Nonetheless, I think I'm going to put in the super huge hinges until the deck is built then I'll take out the doors and fix the jambs. 

Good news is that there is brick molding around the doors on the exterior and the deck ledger is a treated board(s), not LVL but it's not really mounted yet with bolts or supports so that still needs to be done. The supplier guy stopped returning my phone calls shortly after the items were installed by my framer and one day my framer just got all his stuff and left. I think I still owed him like $800-1000, so whatever. I've since tried to bring other "friends" in here to give me advice but they've charged me $$ "for gas" which is bs and I've gotten way more help here in the last 48 hours without gas money . Have I told you all how awesome you are??

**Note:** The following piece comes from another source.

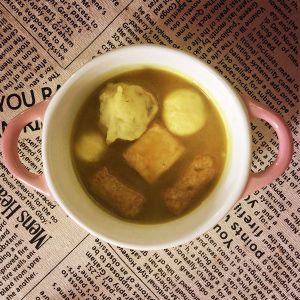 我买的成品咖喱块,用了两块,看你们自己的量来添加,我用的小奶锅。
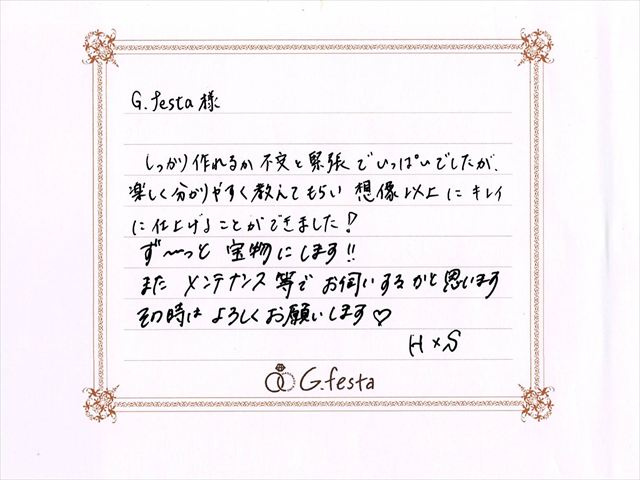 静岡県磐田市 Hさん・Sさん (浜松店/結婚指輪・ワックス) ▲ 感想を読む DATA コース 結婚指輪(ワックス) デザイン V字 店舗 浜松店 制作時間 1時間半 素材 Pt900 K18PG/Pt900 リング幅 2.0mm/3.0mm オプション 内面:誕生石セッティング

So, I'm going to have to let this one fester until after we move in... Did I say that all 5 of us are temporarily staying in my mother's townhouse basement? Yes, it's been a very looong 3 years.

Thank you all so much for your time and advice, it really is priceless!!! I cannot tell you how much we were screwed over by drywallers!!

You all ROCK!
V


----------



## oh'mike

Option 3 will not work--longer hinges have a longer throw--the operating door will hit the fixed one.


----------



## vlslinkman

Touché! I guess I'll have to live with door stops for a little while.

Thanks!!


----------



## oh'mike

Reset the door so it is flush with the drywall-------should only take 4 or 5 hours--for two men---

Just curious--why are you keeping the miss ordered door?


----------



## hand drive

when re setting that exterior door in flush to drywall you will need a threshold extension too that locks into the outer portion of threshold and extends it out 2". if you have a brown threshold it is called bronze when you order it


----------



## landfillwizard

Who designed the home? Who ordered the windows and doors? Is the contractor insured? These mistakes for the windows and doors should have never happened! If the contractor had any brains when the windows and doors arrived, he should have sent them back! Also the things the joecaption saw should have never been constructed. If the designer had taken the time to inspect the home these should have been found!


----------



## cibula11

If you can only reuse the door and cannot send them back and get ones to fit a 2x6 jamb, then I might suggest removing the brick moulding and added the extensions to the exterior side of the door. When they are furred out to the proper depth, add the brick moulding back on. You could even use a vinyl/pvc trim piece and caulk the seam to make it weather proof. Doing it this way would allow you to move the door back towards the interior, so you're not having to mortise new hinges and nothing else would need to be changed on the interior. just a thought


----------